To call capital investment the source of productivity is one in a million reasons why our religion of economics must be redefined. Capital may at best be a catalyst. Cause and consequence confounded.
It is not. To call capital investment the source of productivity is merely one testament to the foolishness of classical economics and its many derivatives. There are plenty of other ways in which I debunk our prevailing religion of economics. Our economics of today is soup in a cauldron full of the depravity of reason, stemming from a systematic confounding of consequence and cause—the reason why I call our current economics voodoo science.
The real cause of improved productivity is the belief of an entrepreneur to be able to enhance the evolution of mankind by expanding the fringe of human ingenuity and capacity. Such understanding can then be aligned with trust by investors to accelerate and monetize an expedient exploration of said belief.
There are many examples in which capital merely invests in itself by propping up valuations based on the same asset and sells the increments to the public as the last in the chain of innocent greater-fools. I will share examples in my upcoming video series. Hence the deployment of capital alone is not at all a testament to increased productivity. Capital can be an excellent source of productivity when it is properly applied to the pursuit of evolutionary value.

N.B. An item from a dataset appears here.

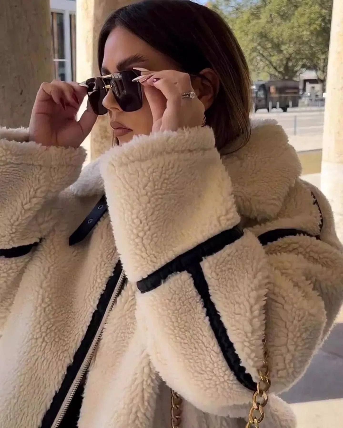 - Materiaal: Imitatiebont (imitatie schapenvacht/teddytextuur)

Innovation is the source of productivity, but not all kinds of innovation are. Only innovation that promulgates a plurality of freedom to strengthen the evolution of humanity can produce renewable productivity to carry a proxy of sustainable value.
And that is where we currently must hold Silicon Valley’s feet to the fire, as its output has become a pageantry of positivity. In most cases delivering quite the opposite of its preached intent, with evolutionary value not by a long shot living up to its lofty valuations.